:: DATA SEGMENT ::
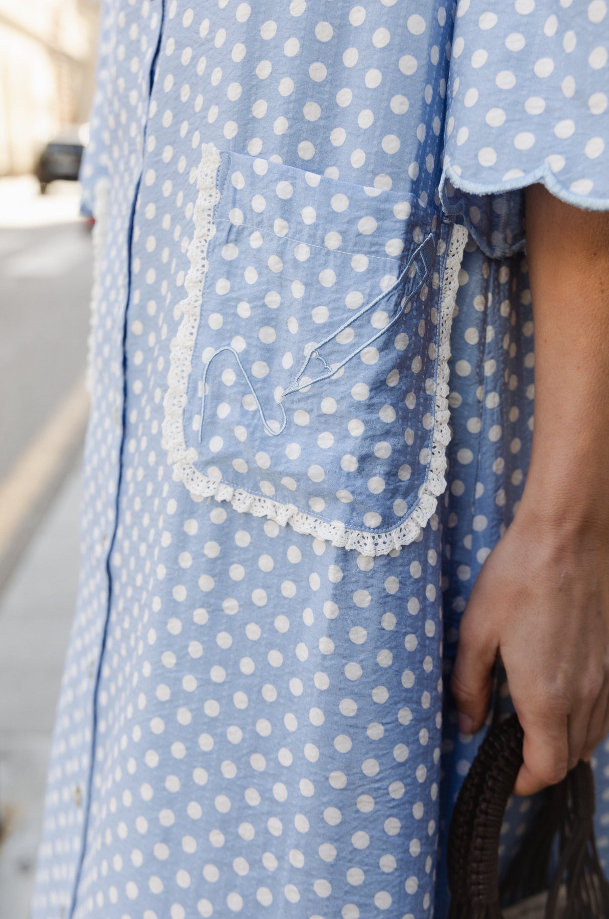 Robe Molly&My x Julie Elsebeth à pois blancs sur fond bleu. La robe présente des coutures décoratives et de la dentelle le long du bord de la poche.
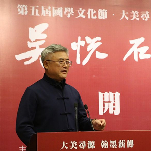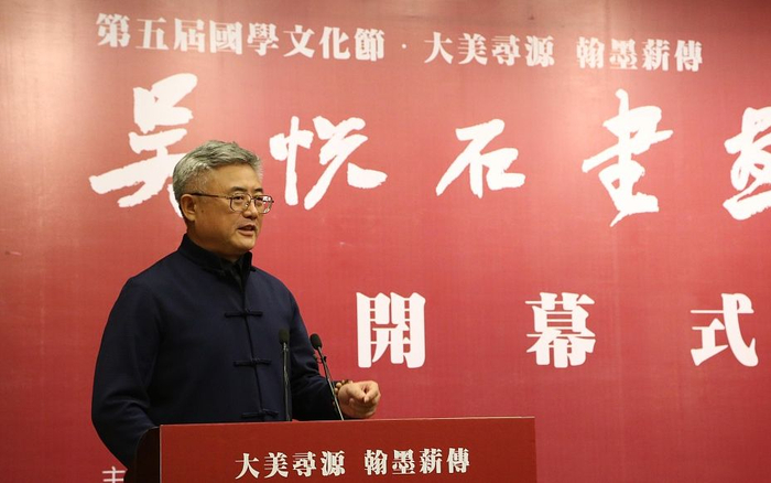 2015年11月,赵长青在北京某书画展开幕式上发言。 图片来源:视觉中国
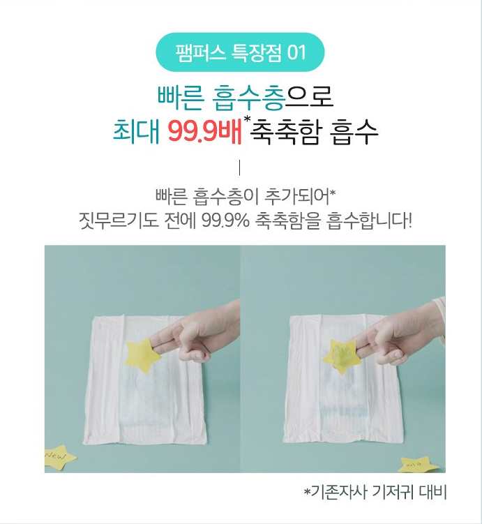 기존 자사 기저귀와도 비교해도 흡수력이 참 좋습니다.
:::
* [YOUR OBJECTIVE]:
The answer is the listing above repeated verbatim, minus its images.

* [PROBLEM SOLUTION]:
 Robe Molly&My x Julie Elsebeth à pois blancs sur fond bleu. La robe présente des coutures décoratives et de la dentelle le long du bord de la poche.
 2015年11月,赵长青在北京某书画展开幕式上发言。 图片来源:视觉中国
 기존 자사 기저귀와도 비교해도 흡수력이 참 좋습니다.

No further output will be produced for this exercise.